We fitted the Chandra data for observation 8190 using various models with pile-up and interstellar absorption. We fixed the alpha parameter to the value found in the single power-law fit as this was necessary to prevent alpha from being driven to 1.0 (in which case all piled-up photons are accepted as valid, negating the pile-up correction). A Comptonization model, comptt in XSPEC, provided no improvement in the fit over the power-law model and the best-fit temperature was well above 8 keV. An exponentially cutoff power-law model, cutoffpl, gave a cutoff energy larger than 8 keV, i.e., above the Chandra band. A multicolor disk blackbody model provides a substantially worse fit than the simple power-law model. A multicolor disk blackbody model in which the temperature varies with radius as r−p, the diskpbb, provided an adequate fit with p = 0.57 ± 0.01 and an inner disk temperature of 6.5+1.3−0.8 keV. However, difficulties with the physical interpretation of this model given the high apparent luminosity and high temperature needed for X41.4+60 have already been raised by Miyakawa et al. (2008) based on spectral fitting with Suzaku. They conclude that the model is physically untenable and that the source appears to be in the power-law state. We find an even higher temperature than Miyakawa et al. (2008) which would exacerbate the problems.
Figure5 shows light curves of X41.4+60 in the 0.3–2 keV and 2–8 keV bands for the 2007 observation. The same source region used to extract the spectrum was used to extract the light curve. The time bin size is 2048 times the CCD frame time, i.e., 903.2 s. No attempt was made to correct for pile-up. The source was variable on timescales of thousands of seconds in the 2–8 keV band, but remained relatively constant in the 0.3–2 keV band.

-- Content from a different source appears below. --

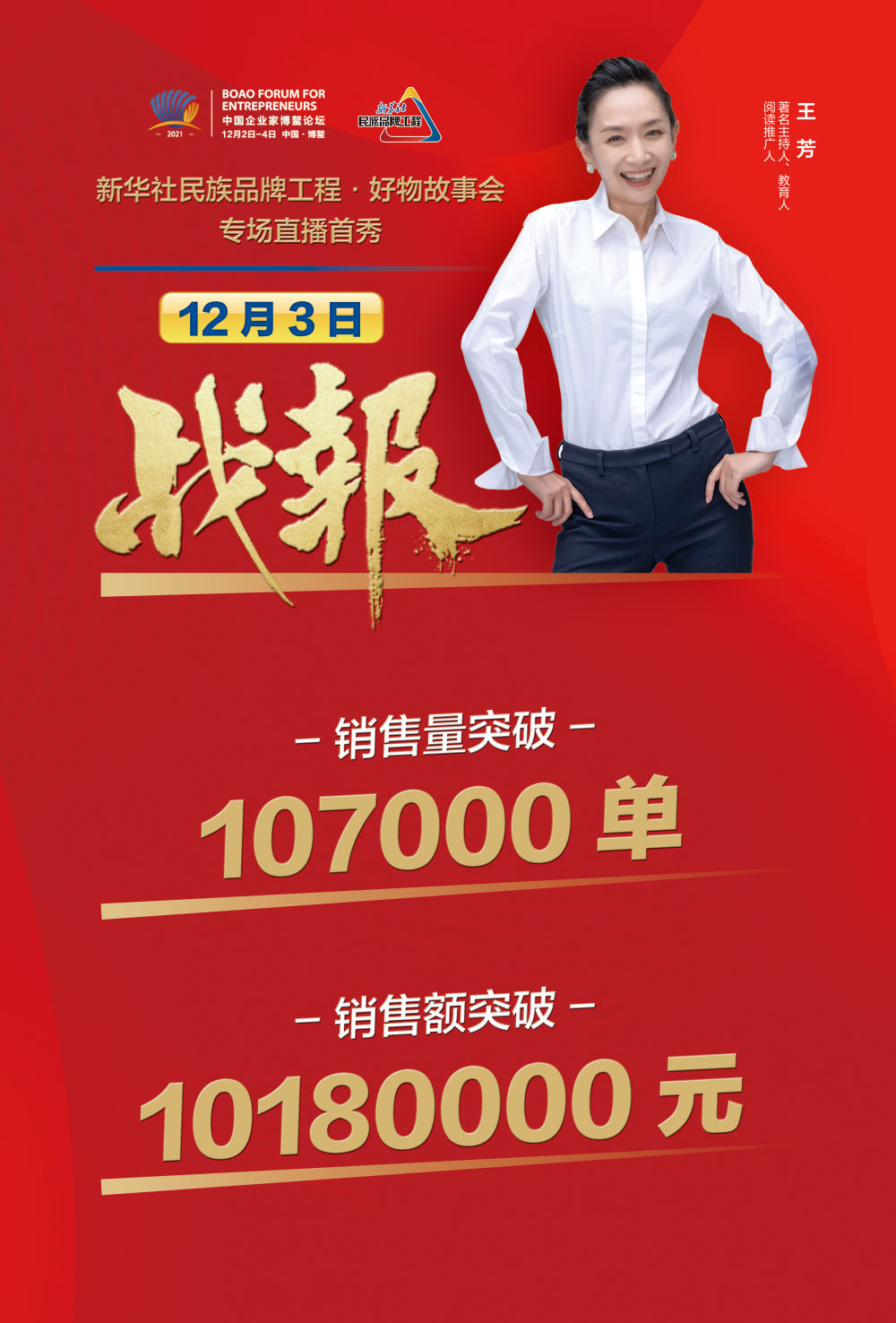 12月3日上午8时,首场“新华社民族品牌工程·好物故事会专场直播”活动在博鳌亚洲论坛国际会议中心正式举行。著名主持人、教育人、阅读推广人王芳作为“新华社民族品牌工程好物推荐官”在其抖音直播间领读新华出版社精品图书,短时间内聚合了大量人气。直播中,王芳倾情推荐生活、食品、文教、图书等多个品类,全场销售额10180000元,销售量107000单。其中首轮亮相王芳直播间的新华版图书《一起去看冬奥会》《小小演说家》短短时间内全部售罄;《新华通讯社90 年90 篇精品选》《七岁开始的哲学思想启蒙》《勋章:共和国不会忘记》等图书累计销售近千册。3日下午18时,为期一天的直播活动完美收官。(林郁郁)

We divided the data into high-count-rate and low-count-rate halves and fitted the spectra for each using an absorbed power-law model with pile-up correction. The absorption column density is consistent, within errors, while the photon index for the high-count-rate part, Γ = 1.52 ± 0.03, is somewhat harder than for the low-count-rate part, Γ = 1.63 ± 0.04. This would favor spectral pivoting as the origin of the variability.
4.DISCUSSION
The observed flux of X41.4+60 measured with Chandra on 2007 June 2 is 3.0 × 10−11 erg cm-2 s−1 in the 2–10 keV band. The flux from the remainder of M82 is 1.8 × 10−11 erg cm-2 s−1. The flux of the whole galaxy as measured by the PCA just before the start of the Chandra observation was (5.0 ± 0.2) × 10−11 erg cm-2 s−1 which is in agreement. We adopt 1.8 × 10−11 erg cm-2 s−1 as an estimate of the flux arising from sources other than X41.4+60 in M82 for the PCA observations. Then, the peak observed flux in the 2–10 keV band from X41.4+60 during the outburst is 4.3 × 10−11 erg cm-2 s−1 and the average flux is 2.8 × 10−11 erg cm-2 s−1. Assuming isotropic emission from a source located in M82 and converting these absorbed fluxes into intrinsic fluxes using the Chandra spectrum derived above, the peak luminosity in the 2–10 keV band is 7.6 × 1040 erg s−1, the average luminosity is 4.9 × 1040 erg s−1, and the total energy released in the outburst is ∼3 × 1047 erg. Extending the energy band to the full band, 0.3–12 keV, detected from X41.4+60 during the outburst would increase these values by 70%.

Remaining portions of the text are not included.